→ What you need to do
Using the data below, reproduce exactly the lines from the line with "随后党员同志们前往福建省电子" to the line with "蘄春縣政協(xié)公眾號:省政協(xi", both included; pictures must be dropped.

→ Source data

■ ■ ■ ■ ■ ■ ■

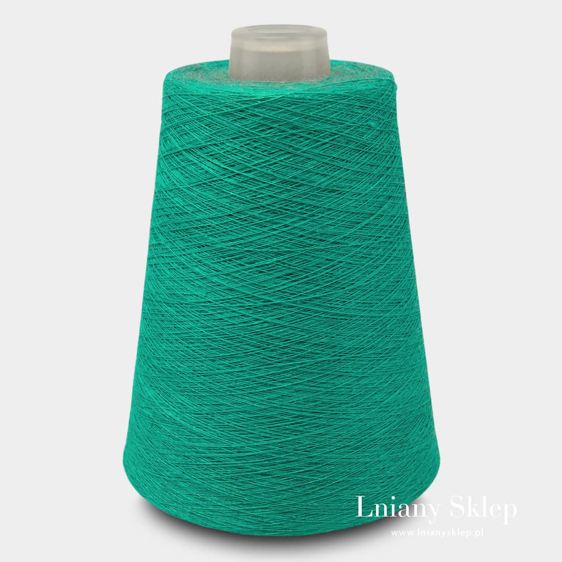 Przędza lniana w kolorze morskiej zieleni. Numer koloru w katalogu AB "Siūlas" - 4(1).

■ ■ ■ ■ ■ ■ ■

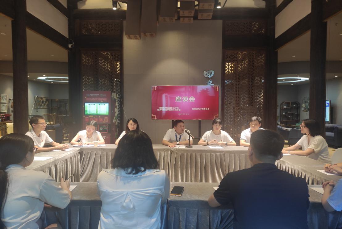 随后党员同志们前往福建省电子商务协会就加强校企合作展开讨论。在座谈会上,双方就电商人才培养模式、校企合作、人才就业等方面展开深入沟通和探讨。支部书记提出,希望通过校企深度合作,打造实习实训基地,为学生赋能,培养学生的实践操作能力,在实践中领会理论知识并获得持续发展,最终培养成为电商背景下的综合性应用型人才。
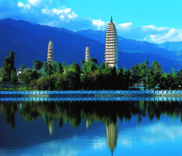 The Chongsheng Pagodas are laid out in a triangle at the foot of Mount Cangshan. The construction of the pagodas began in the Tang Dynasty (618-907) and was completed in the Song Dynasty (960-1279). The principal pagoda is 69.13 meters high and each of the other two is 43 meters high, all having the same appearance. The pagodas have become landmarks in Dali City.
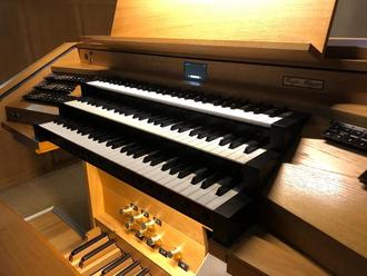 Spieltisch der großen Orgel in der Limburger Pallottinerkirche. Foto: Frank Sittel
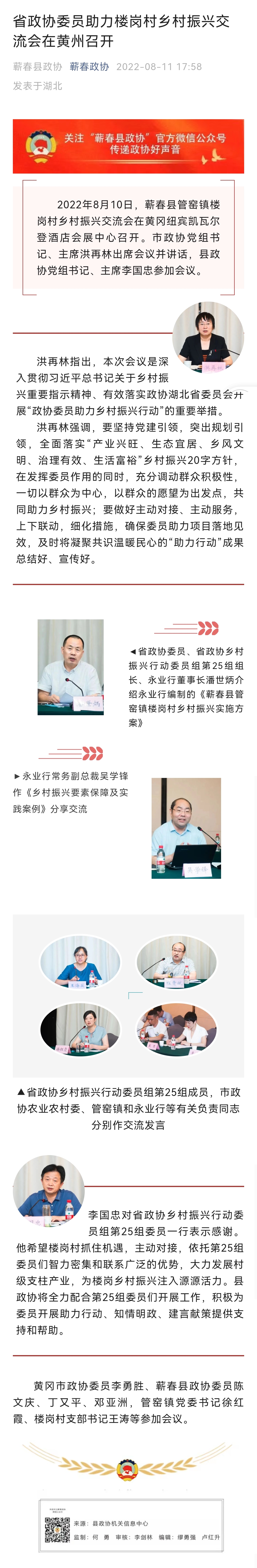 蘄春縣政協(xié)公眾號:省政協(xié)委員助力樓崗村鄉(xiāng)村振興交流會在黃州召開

■ ■ ■ ■ ■ ■ ■

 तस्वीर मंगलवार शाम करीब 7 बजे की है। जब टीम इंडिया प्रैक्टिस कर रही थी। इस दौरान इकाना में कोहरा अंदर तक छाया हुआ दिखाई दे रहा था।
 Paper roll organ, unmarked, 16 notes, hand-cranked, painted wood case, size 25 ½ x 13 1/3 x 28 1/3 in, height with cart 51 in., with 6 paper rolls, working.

■ ■ ■ ■ ■ ■ ■

→ Solution for this exercise
 随后党员同志们前往福建省电子商务协会就加强校企合作展开讨论。在座谈会上,双方就电商人才培养模式、校企合作、人才就业等方面展开深入沟通和探讨。支部书记提出,希望通过校企深度合作,打造实习实训基地,为学生赋能,培养学生的实践操作能力,在实践中领会理论知识并获得持续发展,最终培养成为电商背景下的综合性应用型人才。
 The Chongsheng Pagodas are laid out in a triangle at the foot of Mount Cangshan. The construction of the pagodas began in the Tang Dynasty (618-907) and was completed in the Song Dynasty (960-1279). The principal pagoda is 69.13 meters high and each of the other two is 43 meters high, all having the same appearance. The pagodas have become landmarks in Dali City.
 Spieltisch der großen Orgel in der Limburger Pallottinerkirche. Foto: Frank Sittel
 蘄春縣政協(xié)公眾號:省政協(xié)委員助力樓崗村鄉(xiāng)村振興交流會在黃州召開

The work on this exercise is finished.